Every Fossil webpage is generated by a separate subprocess. This is
true for Windows, Mac, Linux, BSD, whatever. And it is true
regardless of how Fossil is launched.

The backoffice is a facility to do background processing - things like
sending email notifications, syncing with peers, maybe doing
aggressive compaction of the repository - anything that is not
directly interacting with the user. Backoffice runs after a webpage
is generated, in the same subprocess. Once the entire webpage has
been generated, Fossil closes the socket or file into which the
webpage is being written, and then attempts to do backoffice
processing. There can only be one backoffice process at a time, and
another backoffice that is "on deck" - ready to run when the current
one finishes.

In most systems, the webserver returns results back to the user as
soon as the output socket closes. So the user does not realize that
the process that generated the webpage continues running for up to 60
seconds of backoffice work. But on Windows for "fossil ui" and
"fossil server", the webpage is not returned to the user until the
subprocess actually terminates. Hence, if the subprocess gets
involves in backoffice work, that can delay the return of content to
the user.

The only comes up on Windows.
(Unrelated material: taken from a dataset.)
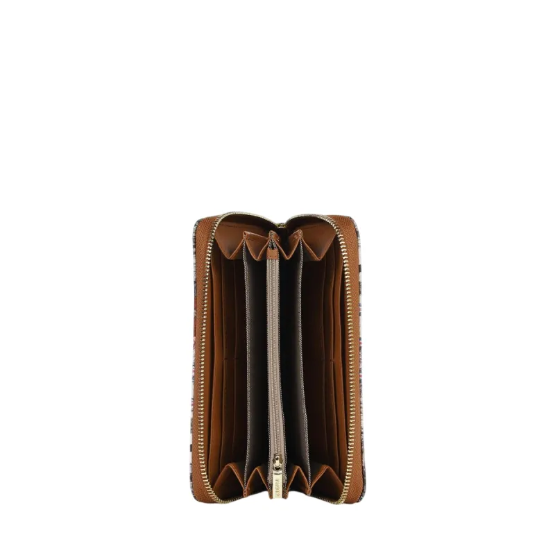 Mit einem umlaufenden Reißverschluss ausgestattet, bietet die Geldbörse vier Innenfächer, mehrere Kartensteckplätze und ein Münzfach mit Reißverschluss, um alles sicher und übersichtlich aufzubewahren.

I do not yet have a good work-around.
--
D. Richard Hipp
***@sqlite.org
Warren Young
2018-07-23 17:37:27 UTC
Permalink
Post by Florian Balmer
writing to a FILE* pointing to NULL may have
exactly the same effect as writing to a FILE* pointing to "/dev/null”?
You can open a file called NUL on Windows to get the same effect as /dev/null on POSIX type platforms.
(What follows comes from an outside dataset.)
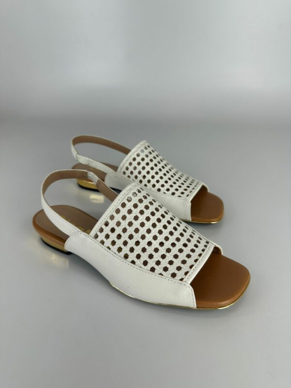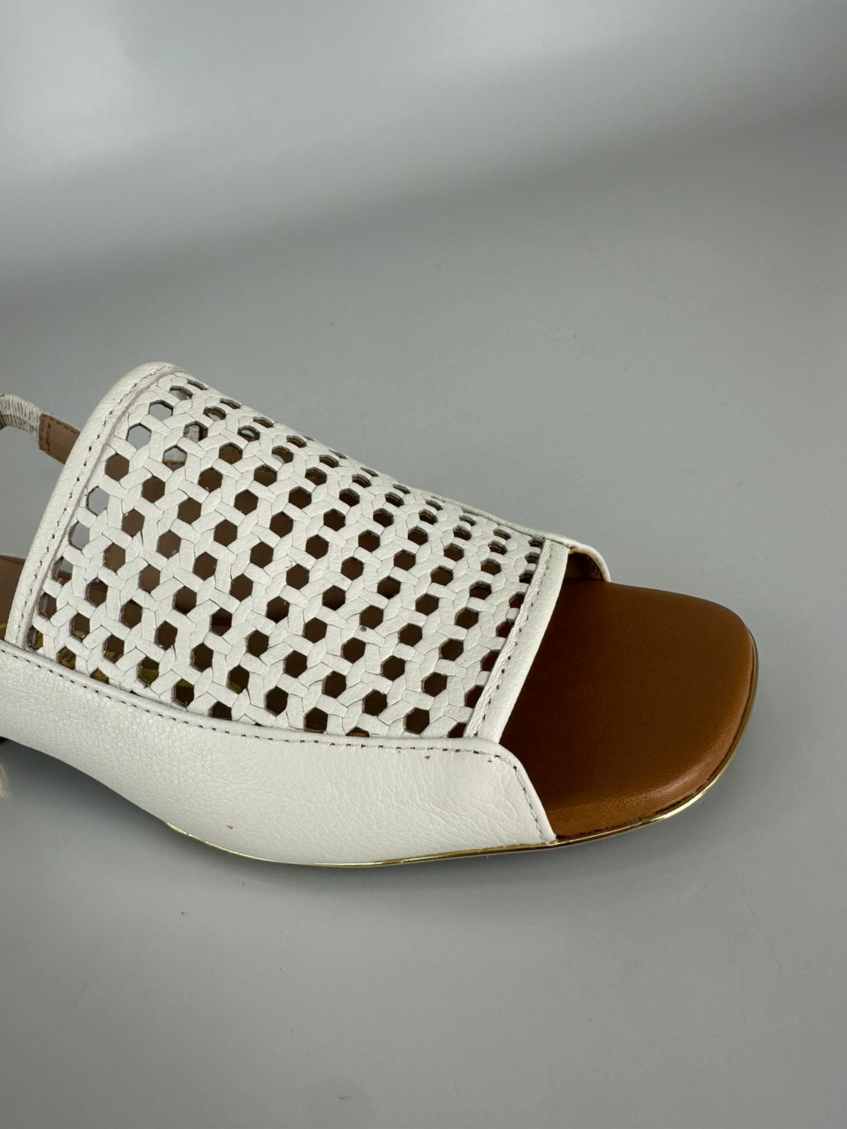 Uma sandália rasteira muito elegante, toda produzida em couro bem macio, com vazados no peito do pé.

Unlike on POSIX, NUL is just a special-cased file name, not the name of an actual device, so it’s possible to get around it with NTFS file path trickery:

https://superuser.com/questions/282194/

That’s no concern here, since the Fossil code will likely just say "NUL".
Florian Balmer
2018-07-22 10:32:06 UTC
Permalink
... writing to a FILE* pointing to NULL may have exactly the same
effect as writing to a FILE* pointing to "/dev/null"?
Well, unless there's a directory named "dev" in the root of the
current drive, which would result in creation (due to the passed "wb"
mode) of a file named "null", on Windows.

--Florian
Florian Balmer
2018-07-22 16:32:56 UTC
Permalink
Hence, if the subprocess gets involves in backoffice work, that can
delay the return of content to the user.
The only comes up on Windows. I do not yet have a good work-around.
I see, thank you very much for the detailed explanations.

I only have the obvious (inefficient?) ideas, like using a
command-line switch to direct the "HTTP renderer" to offload
backoffice processing to another separate process, and exit
immediately once the HTTP response is ready.
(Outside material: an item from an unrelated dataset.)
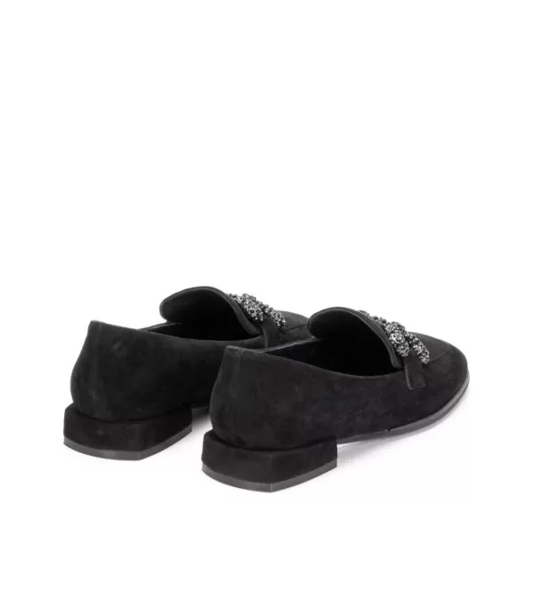 Zapato Plano Realizado En Piel Con Adorno De Estribo Cubierto De Pedrería. La Altura Del Tacón Es De 2,3 Cm.

Looking forward to see what will be your solution. I can always learn
a lot of interesting things from the Fossil source code.

--Florian
Richard Hipp
2018-07-22 19:02:37 UTC
Permalink
Post by Florian Balmer
I see random delays for the `fossil ui' command,
Please test the latest trunk version and let me know if you are still
seeing issues.

Anybody who has the capability, please also verify that "fossil server
--scgi" is now working again. I do not have a SCGI webserver set up
on windows with which to test that command so I implemented the fixes
there without actually checking them.
--
D. Richard Hipp
***@sqlite.org
Florian Balmer
2018-07-22 22:06:47 UTC
Permalink
Post by Richard Hipp
Please test the latest trunk version and let me know if you are still
seeing issues.
Thank you very much for the fix!

I see no more delays with "fossil ui" on Windows.

Just a thought: would it make sense to have --nodelay as a global
option recognized by all commands, and maybe also through an
environment variable, and a CGI control option? So that any backoffice
processing could be temporarily disabled?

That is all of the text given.